Stored data
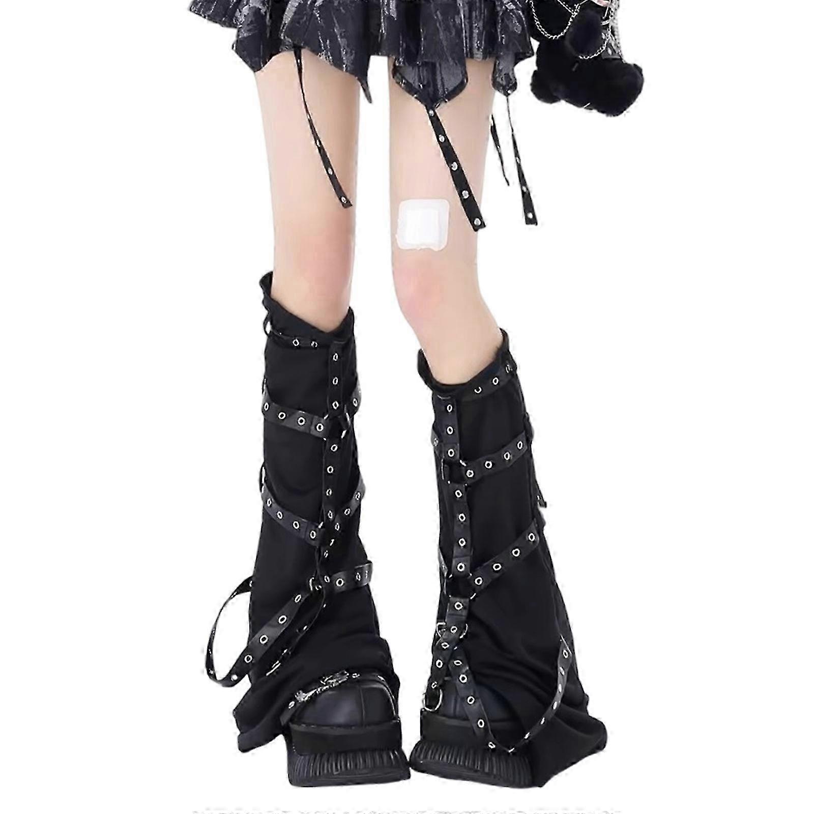 Punk Black Leg Warmer Stockings with Metal Eyelets Leather Strap Harness Leg Cover Flared Stockings Streetwear for Women
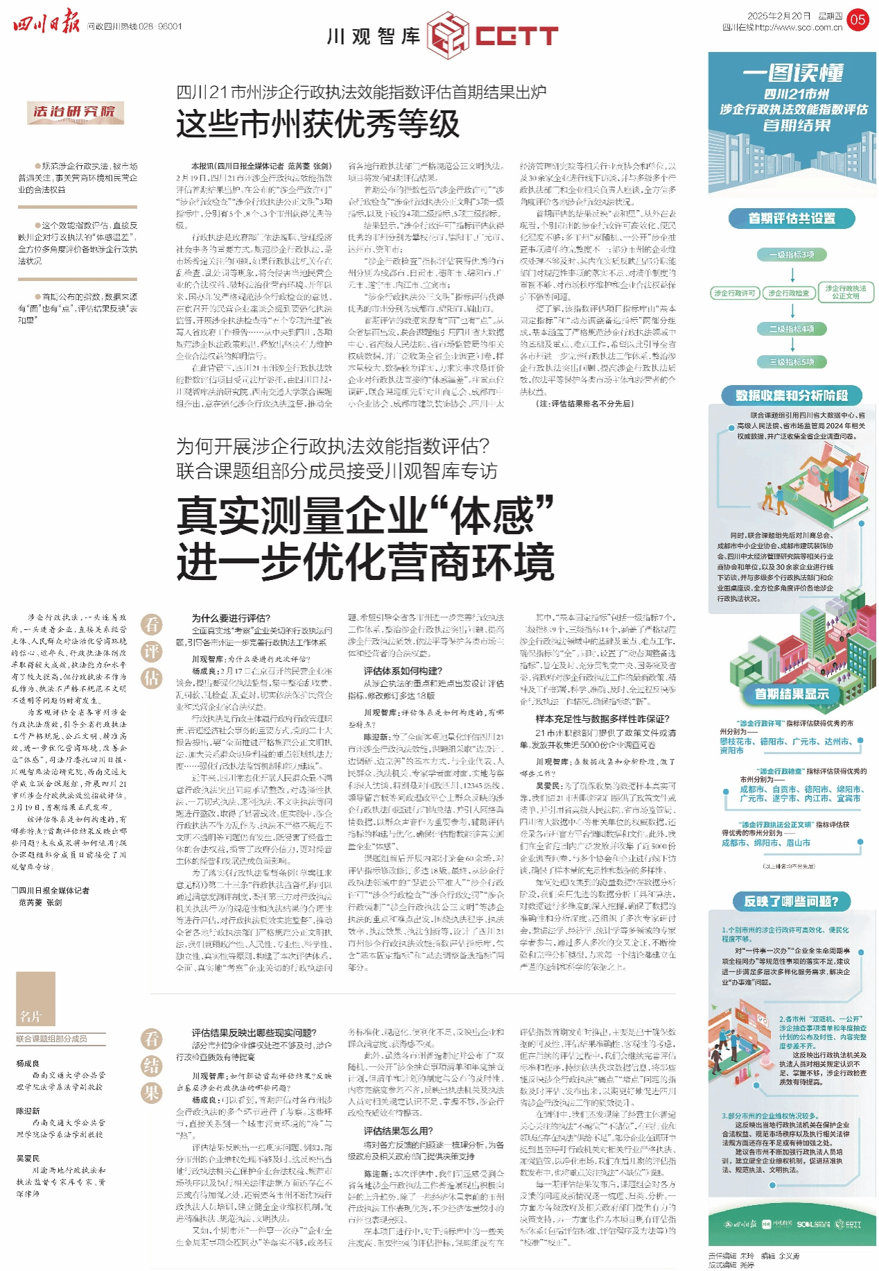 2025年2月20日,四川日报在头版将“四川21市州涉企行政执法效能指数评估首期结果出炉”的信息以倒头版的形式进行导读,并在四川日报第5版整版将首期评估结果公布,并就为何开展涉企行政执法效能评估、评估体系如何构建、评估工作如何有效开展等问题,对课题组成员杨成良副教授、陈迎新副教授和2006级法学研究生员工、资深律师吴爱民进行了专访。
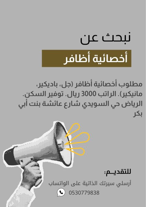 We Are Hiring High - end salon in North Riyadh is looking for a Nail & Lash Specialist (Transferable Iqama) alearid/ alyasmin Send your experience and portfolio
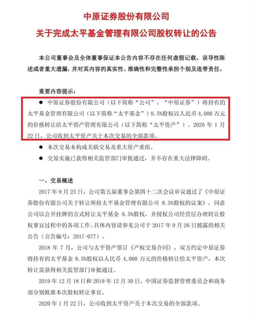 2019年年末,證監(jiān)會(huì)下發(fā)《關(guān)于核準(zhǔn)太平基金管理有限公司變更股權(quán)的批復(fù)》,核準(zhǔn)中原證券股份有限公司將其持有的太平基金8.5%股權(quán)轉(zhuǎn)讓給太平資產(chǎn)管理有限公司,2020年初該筆股權(quán)變更獲太平基金股東會(huì)決議通過,中原證券最終完全退出,不再持有太平基金股權(quán)。
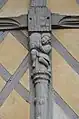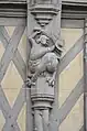 La façade en pan de bois, est décorée de nombreuses sculptures est constituée d'un panneautage à losange dont les hourdis étaient, à l'origine, constitués de briques[2].
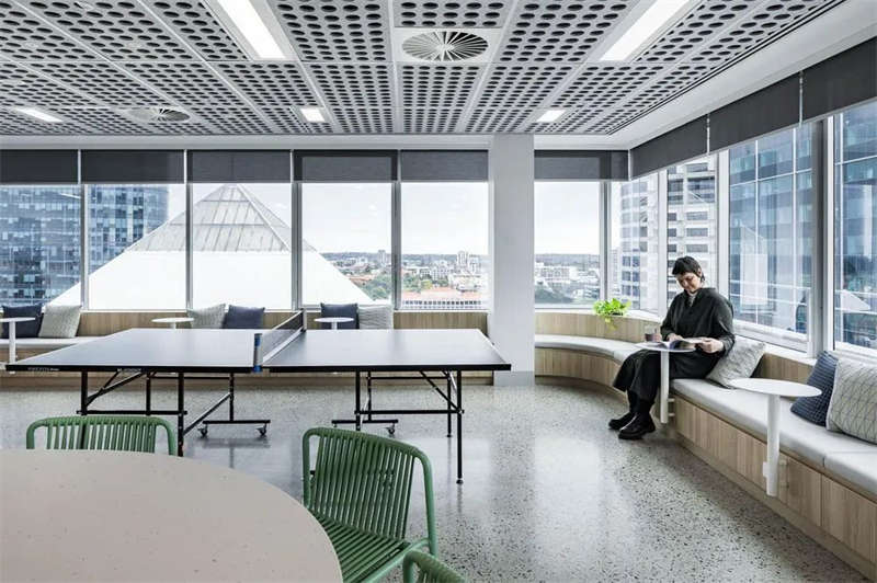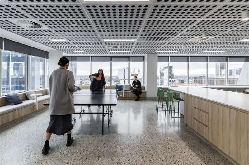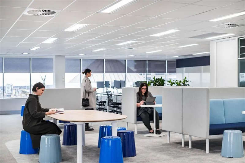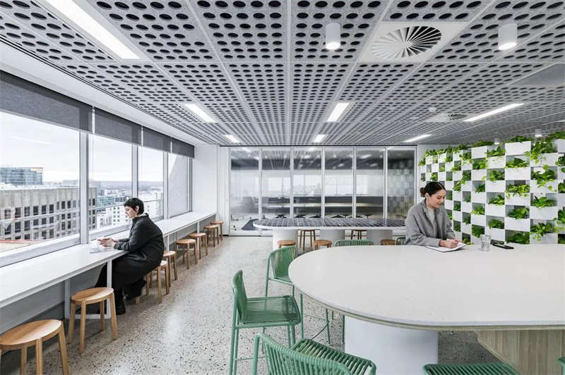 充足的自然光、豐富的材料板、舒適的工作站和吸引人的公共空間,所有這一切都有助于創(chuàng)建一個(gè)愉悅的工作環(huán)境,員工的互動(dòng)和高效生產(chǎn)力也隨之而來。一個(gè)以健康為驅(qū)動(dòng)力的環(huán)境設(shè)計(jì)可以吸引后疫情時(shí)代的人們重返工作場(chǎng)所。

§ **Directions for this task**: Copy out every line of the data exactly, leaving the images behind.

§ **Solved exercise**:
 Punk Black Leg Warmer Stockings with Metal Eyelets Leather Strap Harness Leg Cover Flared Stockings Streetwear for Women
 2025年2月20日,四川日报在头版将“四川21市州涉企行政执法效能指数评估首期结果出炉”的信息以倒头版的形式进行导读,并在四川日报第5版整版将首期评估结果公布,并就为何开展涉企行政执法效能评估、评估体系如何构建、评估工作如何有效开展等问题,对课题组成员杨成良副教授、陈迎新副教授和2006级法学研究生员工、资深律师吴爱民进行了专访。
 We Are Hiring High - end salon in North Riyadh is looking for a Nail & Lash Specialist (Transferable Iqama) alearid/ alyasmin Send your experience and portfolio
 2019年年末,證監(jiān)會(huì)下發(fā)《關(guān)于核準(zhǔn)太平基金管理有限公司變更股權(quán)的批復(fù)》,核準(zhǔn)中原證券股份有限公司將其持有的太平基金8.5%股權(quán)轉(zhuǎn)讓給太平資產(chǎn)管理有限公司,2020年初該筆股權(quán)變更獲太平基金股東會(huì)決議通過,中原證券最終完全退出,不再持有太平基金股權(quán)。
 La façade en pan de bois, est décorée de nombreuses sculptures est constituée d'un panneautage à losange dont les hourdis étaient, à l'origine, constitués de briques[2].
 充足的自然光、豐富的材料板、舒適的工作站和吸引人的公共空間,所有這一切都有助于創(chuàng)建一個(gè)愉悅的工作環(huán)境,員工的互動(dòng)和高效生產(chǎn)力也隨之而來。一個(gè)以健康為驅(qū)動(dòng)力的環(huán)境設(shè)計(jì)可以吸引后疫情時(shí)代的人們重返工作場(chǎng)所。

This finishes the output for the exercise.